■ **WHAT IS NEEDED**
The answer must give back every line of the data exactly, with no pictures.

■ **RECORDED INFORMATION**
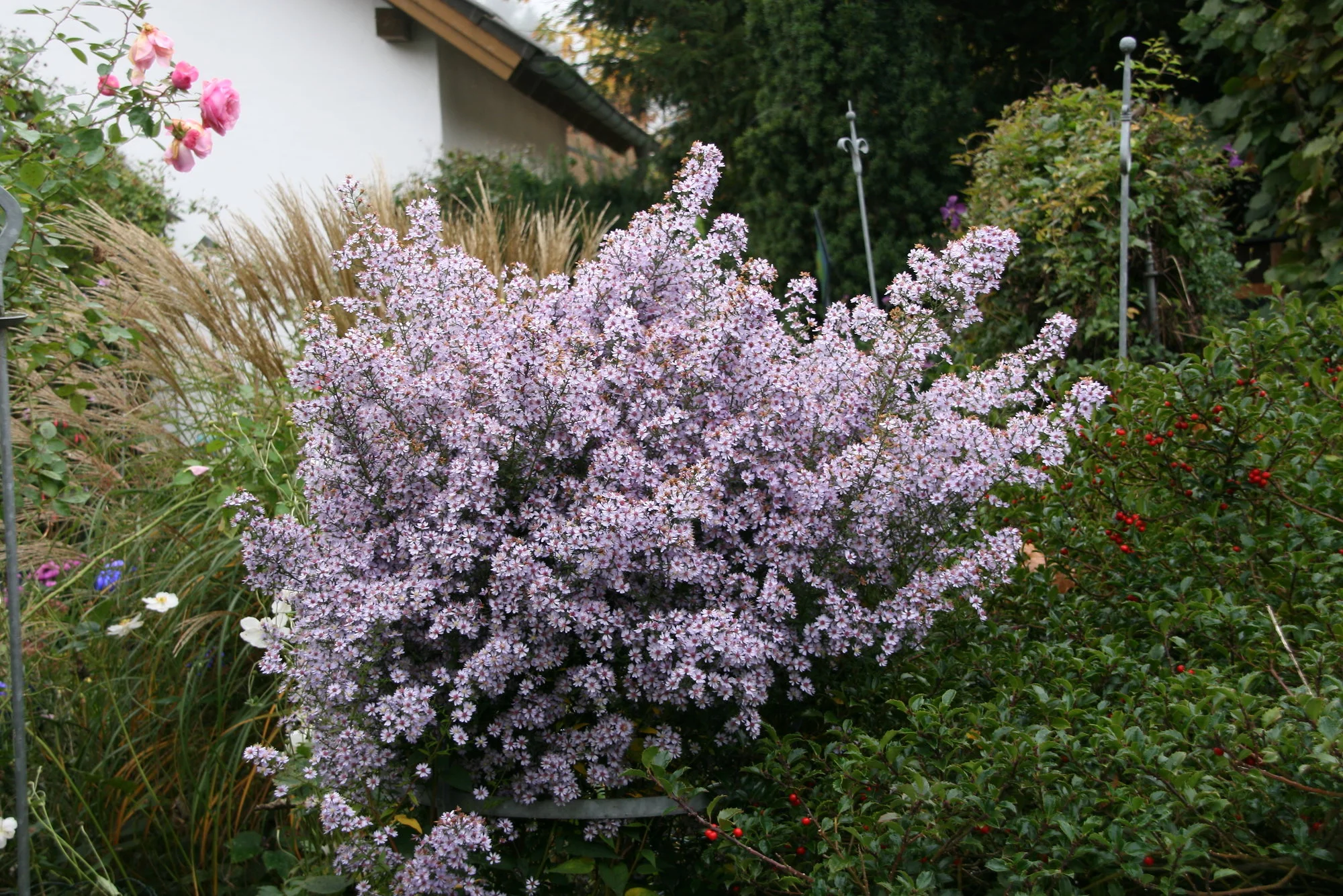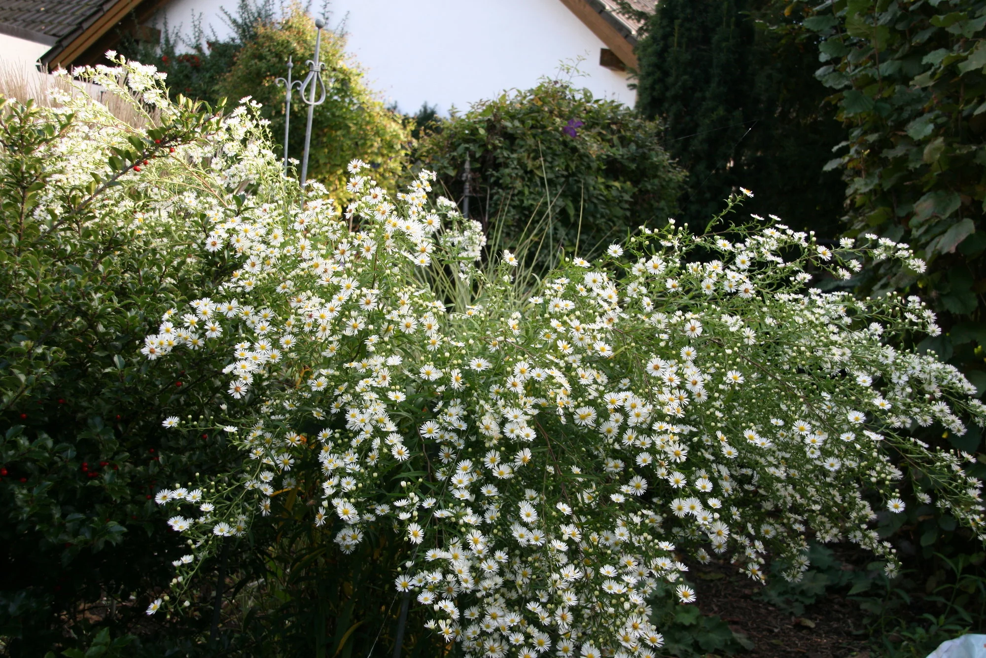 Das ärgert mich auch, wegen den Chrysanthemen, die angeblich winterhart sind und es dann doch nicht sind. Habe auch schon alles probiert. Das sind so richtige Wegwerfartikel geworden, die werden kurzgespritzt, das sie so kompakt sind wenn man sie kauft. Wenn man dann mal das Glück hat, das eine überwintert, dann wachsen die so gakelig und blühen nur sehr schlecht. Ich kaufe mir einfach keine solchen mehr. Mit den Astern aus den Baummärkten ist das genau so, die kauft man niedrig blühend, dann im nächsten Jahr werden die dann 1,50 m hoch, die sind auch kurzgespritzt. Kaufe nur noch mein Fachgärtnereien. Die weiße Herbstaster ist mindestens 2 m hoch, die habe ich in einem hohen Stützhilfe drinnen, habe jetzt noch Stöcke reingesteckt und angebunden. Da konnte ich nicht mehr dahinter durchgehen. Die ist aber so schön, aber wuchert. Da habe ich immer zu tun, die im Durchmesser so zu halten wie sie jetzt ist.
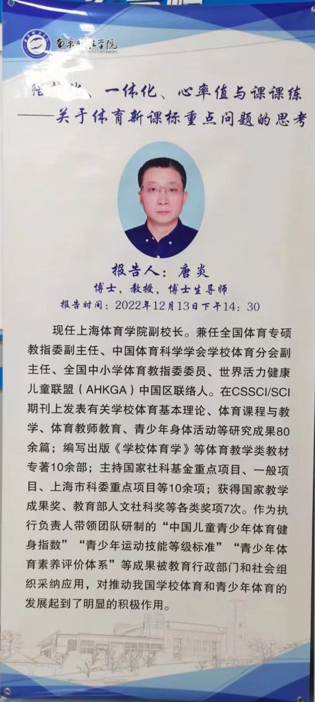 2022年12月13日下午,我院邀请上海体育学院副校长唐炎教授为我院教师做《结构化、一体化、心率值与课课练——关于体育新课标重点问题的思考》的学术报告。
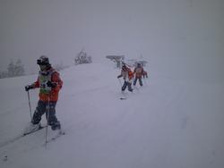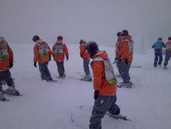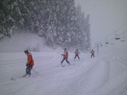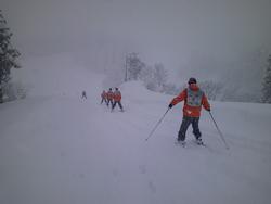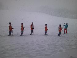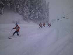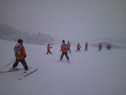 午前の講習が9:00から始まり、すぐにリフトに乗って山の上から講習しています。
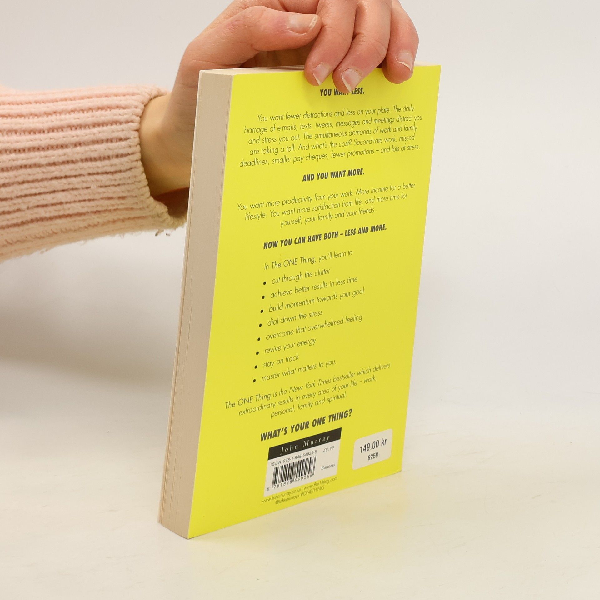 "YOU WANT LESS. You want fewer distractions and less on your plate. The daily barrage of e-mails, texts, tweets, messages, and meetings distract you and stress you out. The simultaneous demands of work and family are taking a toll. And what's the cost? Second-rate work, missed deadlines, smaller pay cheques, fewer promotions-and lots of stress. AND YOU WANT MORE. You want more productivity from your work. More income for a better lifestyle. You want more satisfaction from life, and more time for yourself, your family, and your friends. NOW YOU CAN HAVE BOTH-LESS AND MORE. In The ONE Thing, you'll learn to cut through the clutter achieve better results in less time build momentum toward your goal dial down the stress overcome that overwhelmed feeling revive your energy stay on track master what matters to you The ONE Thing is the New York Times bestseller which delivers extraordinary results in every area of your life-work, personal, family, and spiritual. WHAT'S YOUR ONE THING? "--Publisher's description

■ **THE ANSWER**
 Das ärgert mich auch, wegen den Chrysanthemen, die angeblich winterhart sind und es dann doch nicht sind. Habe auch schon alles probiert. Das sind so richtige Wegwerfartikel geworden, die werden kurzgespritzt, das sie so kompakt sind wenn man sie kauft. Wenn man dann mal das Glück hat, das eine überwintert, dann wachsen die so gakelig und blühen nur sehr schlecht. Ich kaufe mir einfach keine solchen mehr. Mit den Astern aus den Baummärkten ist das genau so, die kauft man niedrig blühend, dann im nächsten Jahr werden die dann 1,50 m hoch, die sind auch kurzgespritzt. Kaufe nur noch mein Fachgärtnereien. Die weiße Herbstaster ist mindestens 2 m hoch, die habe ich in einem hohen Stützhilfe drinnen, habe jetzt noch Stöcke reingesteckt und angebunden. Da konnte ich nicht mehr dahinter durchgehen. Die ist aber so schön, aber wuchert. Da habe ich immer zu tun, die im Durchmesser so zu halten wie sie jetzt ist.
 2022年12月13日下午,我院邀请上海体育学院副校长唐炎教授为我院教师做《结构化、一体化、心率值与课课练——关于体育新课标重点问题的思考》的学术报告。
 午前の講習が9:00から始まり、すぐにリフトに乗って山の上から講習しています。
 "YOU WANT LESS. You want fewer distractions and less on your plate. The daily barrage of e-mails, texts, tweets, messages, and meetings distract you and stress you out. The simultaneous demands of work and family are taking a toll. And what's the cost? Second-rate work, missed deadlines, smaller pay cheques, fewer promotions-and lots of stress. AND YOU WANT MORE. You want more productivity from your work. More income for a better lifestyle. You want more satisfaction from life, and more time for yourself, your family, and your friends. NOW YOU CAN HAVE BOTH-LESS AND MORE. In The ONE Thing, you'll learn to cut through the clutter achieve better results in less time build momentum toward your goal dial down the stress overcome that overwhelmed feeling revive your energy stay on track master what matters to you The ONE Thing is the New York Times bestseller which delivers extraordinary results in every area of your life-work, personal, family, and spiritual. WHAT'S YOUR ONE THING? "--Publisher's description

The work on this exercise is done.